「ううっ、ひっぐ…ふええ…」
「はいはいよしよし。お前の気持ちはじゅーぶんわかった。だからもう泣くな」
ぽろりぽろり、という可愛く切ない表現が似合わないくらい、また俺の膝の上でぐしぐしと汚らしく泣くなまえ。
理由は本人に言われる前から大体予想はついていた。彼氏にフラれたらしい。理由は他に好きな奴が出来たとのこと。
コイツは毎回なんかあると俺のところに来て泣く。コイツ曰わく、俺の前以外では泣きたくないらしい。なんだよそれ。
なまえの彼氏(もう元彼か)は俺も見たことがあるが、はっきり言って俺のが断然いい男だと思う。結構女にルーズでチャラついてたしな。
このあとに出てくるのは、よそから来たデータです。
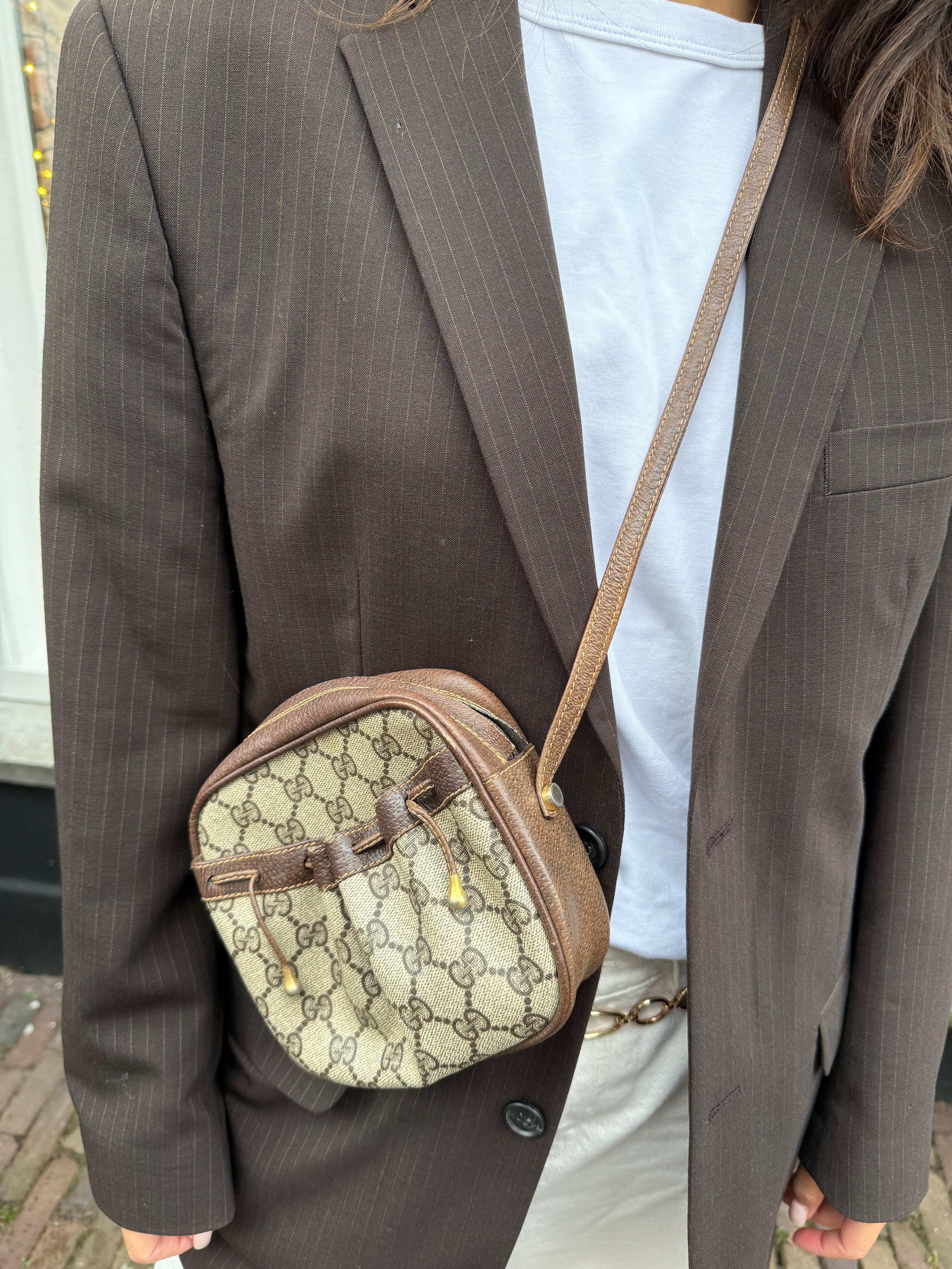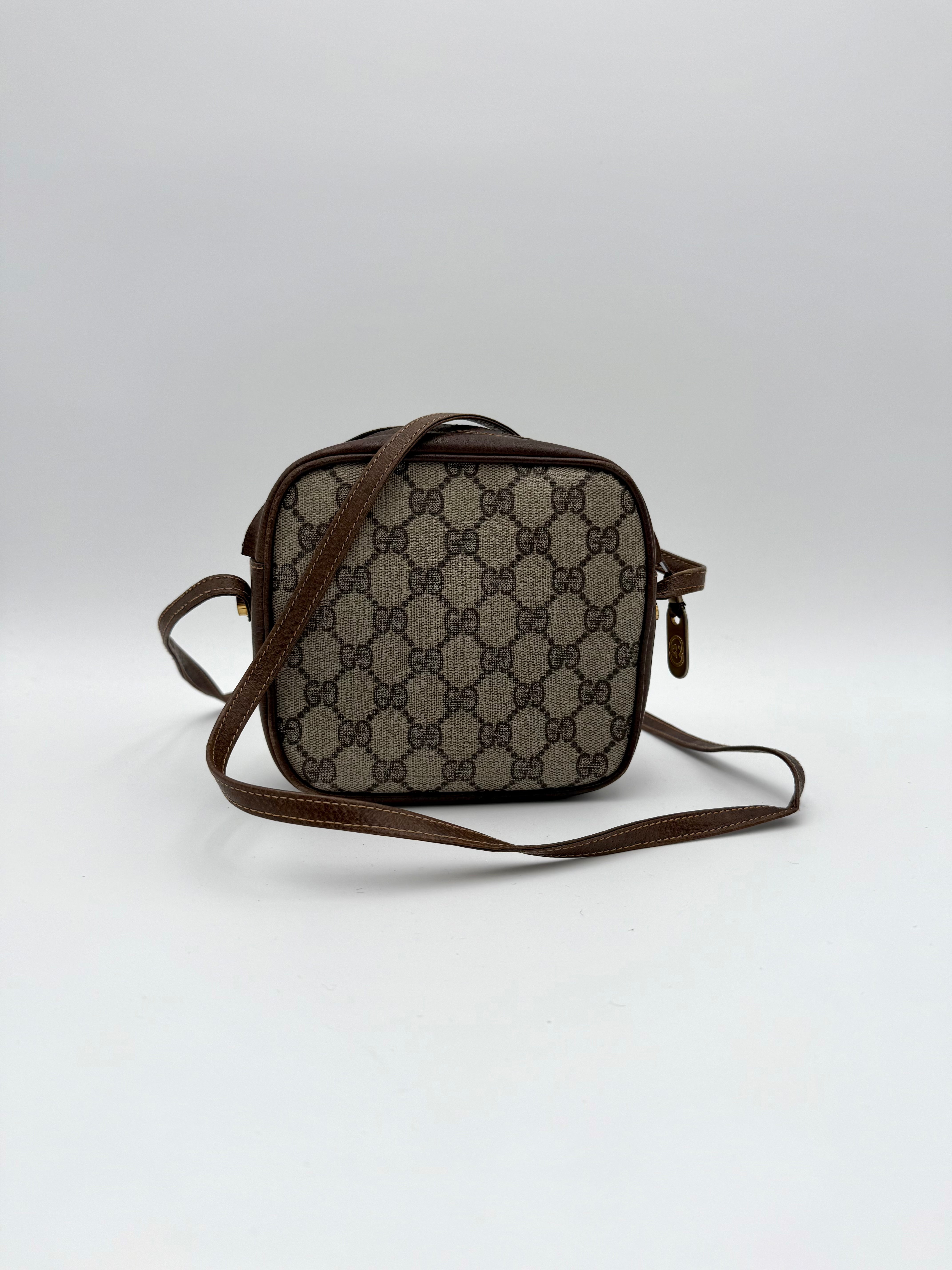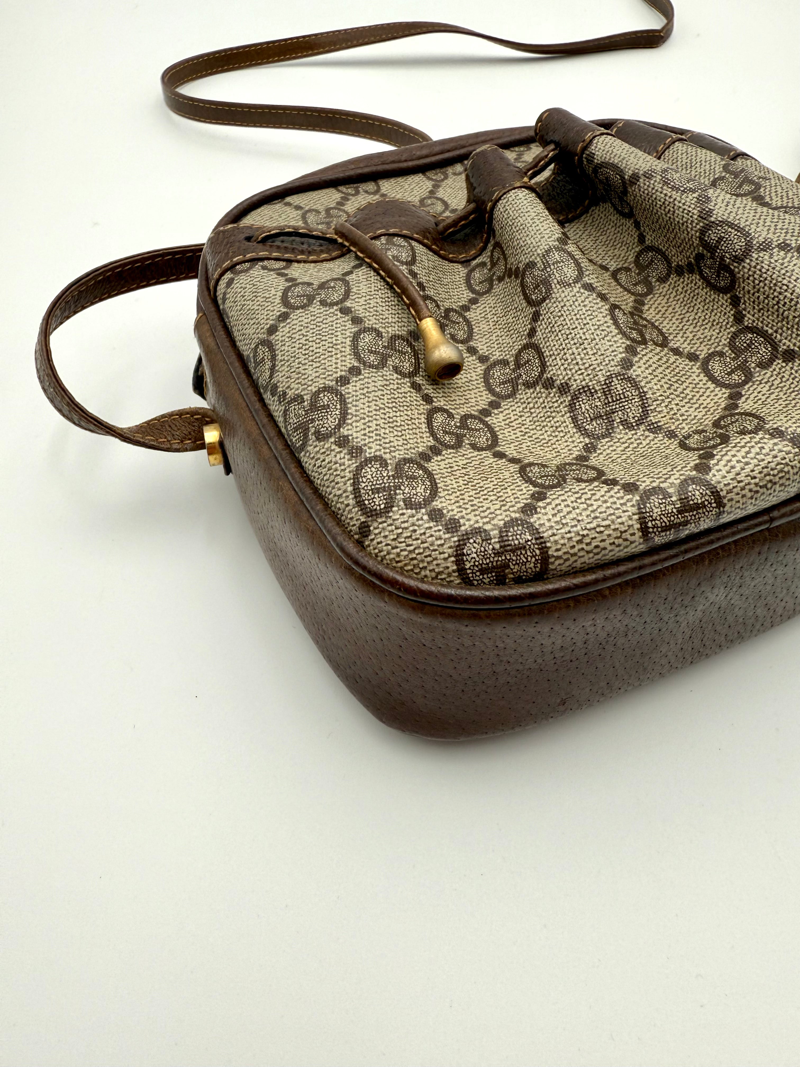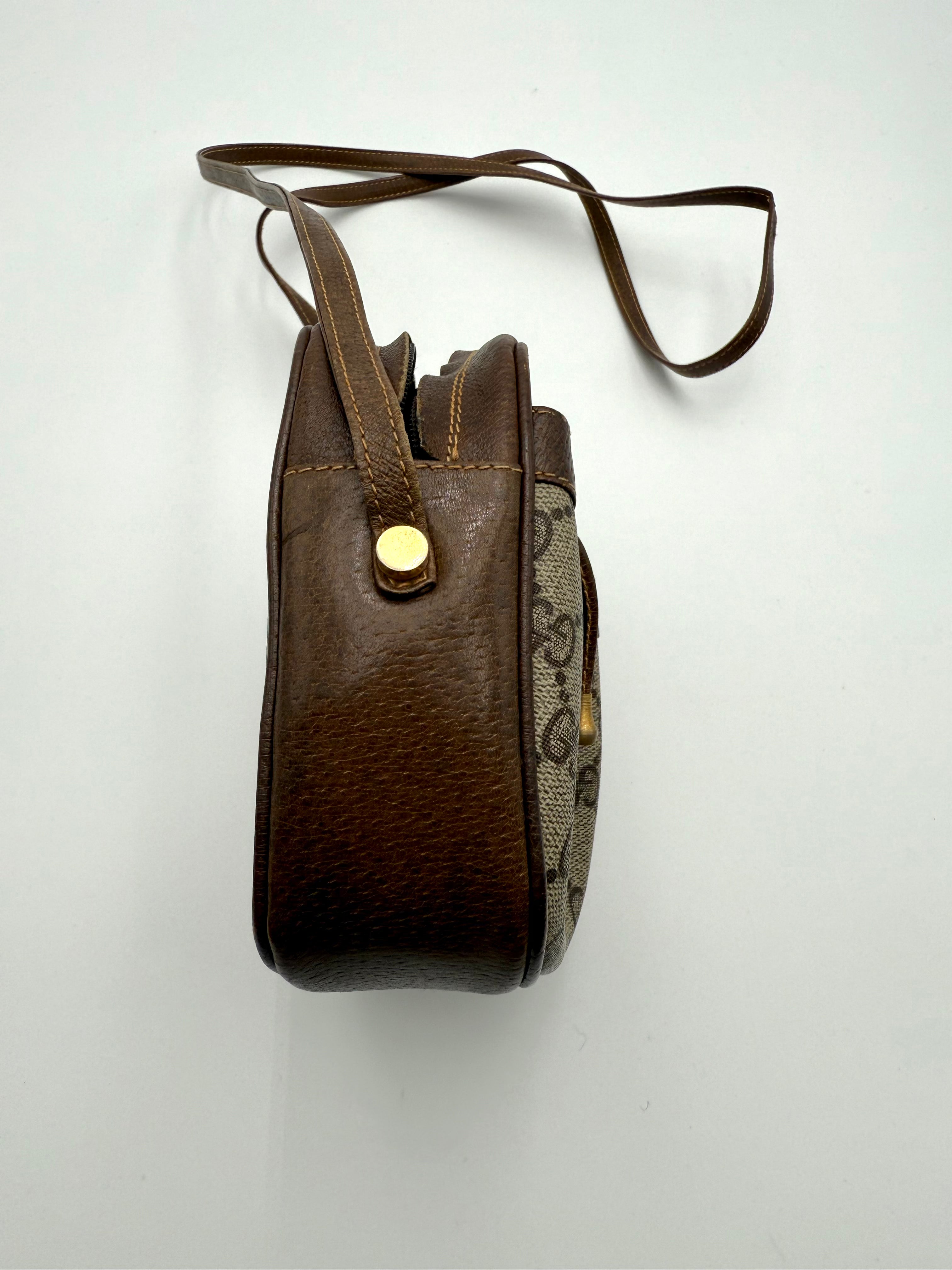 Tweedehands GUCCI canvas bag in een beige met bruine kleur. De tas is van canvas met leren hengsels en met gouden hardware. De tas sluit met een rits, beschikt over een voorvakje en één vak aan de binnenkant. Het item verkeert in een zeer goede vintage staat, met algemene gebruikssporen. De tas wordt geleverd in onze mooie Moon flower dustbag.

まあそんなやつでも、コイツは本気で好きだったらしい。
俺から言わせれば、こうなることは端っから分かってたことで。
でも、“だから言っただろ”なんて、傷心してるコイツにズバッと言えるほど、俺は思い遣りのないやつでもない。
「オラ、いい加減泣きやめ。俺がいんだろ」
わしゃっ、と乱暴にならないようになまえの髪を撫でれば、それに涙腺が緩んだのかまた嗚咽。
キリねぇな、と思いつつも、好きなだけ泣けという意味を込めてなまえの顔を自分の肩へ埋めた。
じわり、と染みてくる水分に、小さな溜め息が漏れる。俺を好きになりゃ、こんな想いはさせねぇのによ。
今まで我慢してきたこの気持ち。伝えなくてもいいと思ってた。この距離も意外と気に入ってたからな。
それに、コイツが笑ってくれてりゃ相手が俺じゃなくても良かった。だが、こうも泣かれてしまってはそうは思えない。
今までコイツと付き合った、いろんな男を見てきた。だが、結果、コイツを泣かせる奴しかいなかった。
…もうそろそろ、いいだろ。ずっと仕舞い込んできたこの気持ち、コイツに伝えても。ここまで待っても、コイツを笑顔に出来る奴はいなかったんだからな。今度からは俺が笑わせてやるよ。
泣くところにプラスしとけ。笑うところも神崎一のところだってな。